I have a few Timex electronic watches and all with the same problem.

The circuit boards are snapped, (in the same place,through the screw hole at the balance end) by what I suspect is an over tightening of the screw

Are the boards repairable ?. or,

Are they available ?.

I also have a Caravel and the same question applies,

A browse of the electric section did not cover the point but was a fascinating read.

I have a feeling I already know the answer, But live in hope !

Thanks for any help.


----------



## mel (Dec 6, 2006)

Hi Eddy, you could try a post over on the Ticka Forum, some of the guys there may have NOS boards - I take it you don't mean Quartz or SSQ models when you say electronics. That's a diff question entirely :to_become_senile:

Link to Ticka Forum


----------



## EddyW (Feb 13, 2010)

mel said:


> Hi Eddy, you could try a post over on the Ticka Forum, some of the guys there may have NOS boards - I take it you don't mean Quartz or SSQ models when you say electronics.
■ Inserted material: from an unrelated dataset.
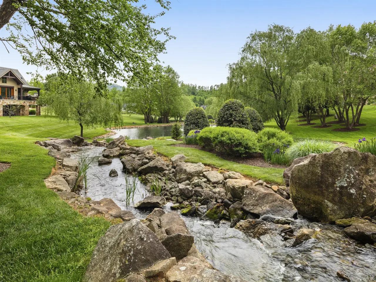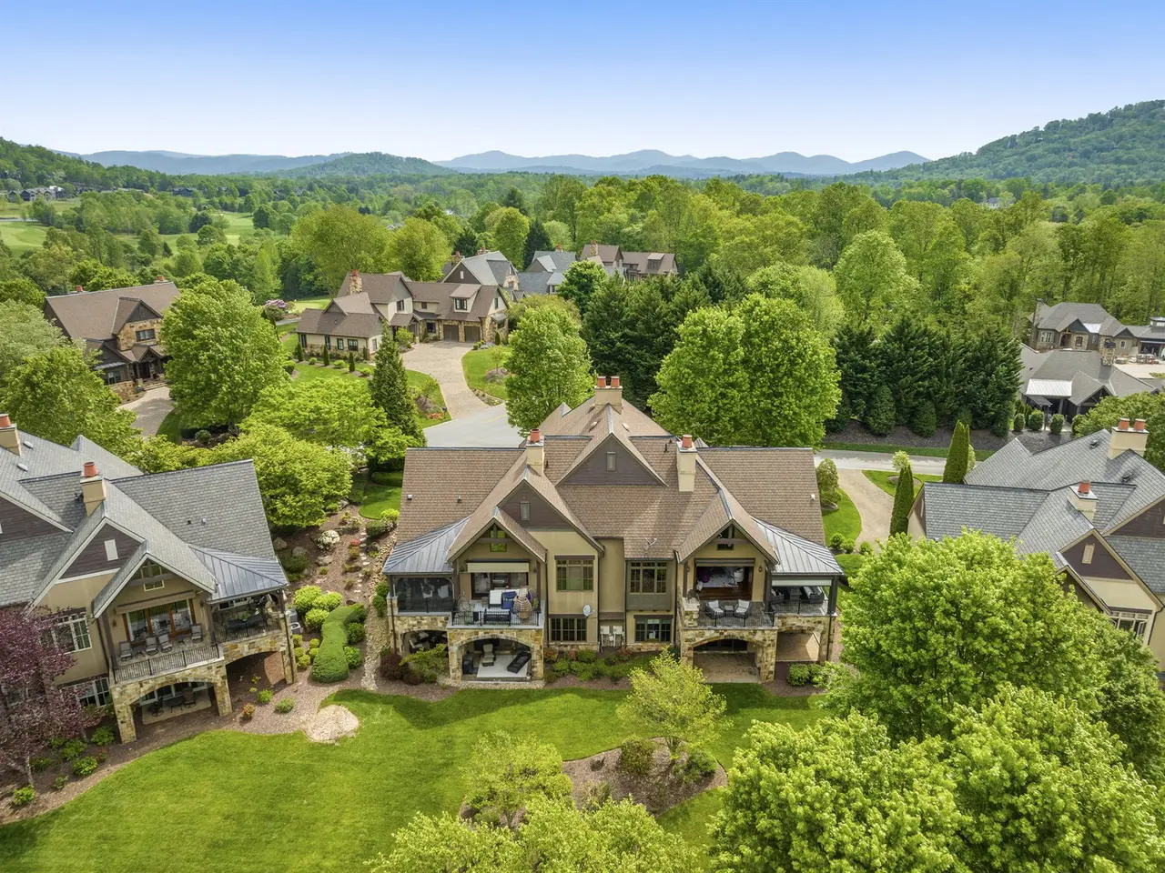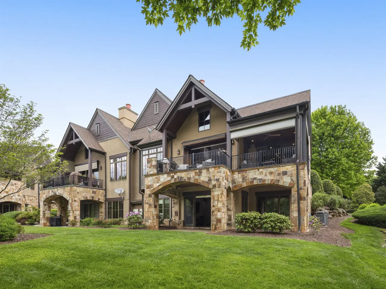 This beautifully updated stone townhome blends rustic charm with modern elegance and smart home features. Located just one minute from the gates and close to the Clubhouse and the Jack Nicklaus Signature Golf Course and tavern grill, it offers serene views of green space, water features, and mountains. The main level features open living, a gourmet kitchen with Wolf and Subzero appliances, and a spacious primary suite with vaulted ceilings and a recently renovated spa-style bath retreat! Enjoy year-round outdoor living with a covered porch, terrace, and remote-controlled screens. Downstairs offers two guest suites, a steam shower, and a private patio. Meticulously maintained with custom finishes throughout. New HVAC is being installed. This is mountain living at its finest and is being offered turn-key and fully furnished with the exception of a few personal items. See agent for the list of exceptions. Membership available.

That's a diff question entirely :to_become_senile:
> 
> Link to Ticka Forum


Hi Mel.

I definitely mean electronic not quartz.

You know the type I mean, they look like they have 2 balance springs and radio gubbins to the side.

I will have a look on the ticka forum and see what happens.

cheers I will crack open my fathers day bottle of Glenmorangie and take my time over yours.


----------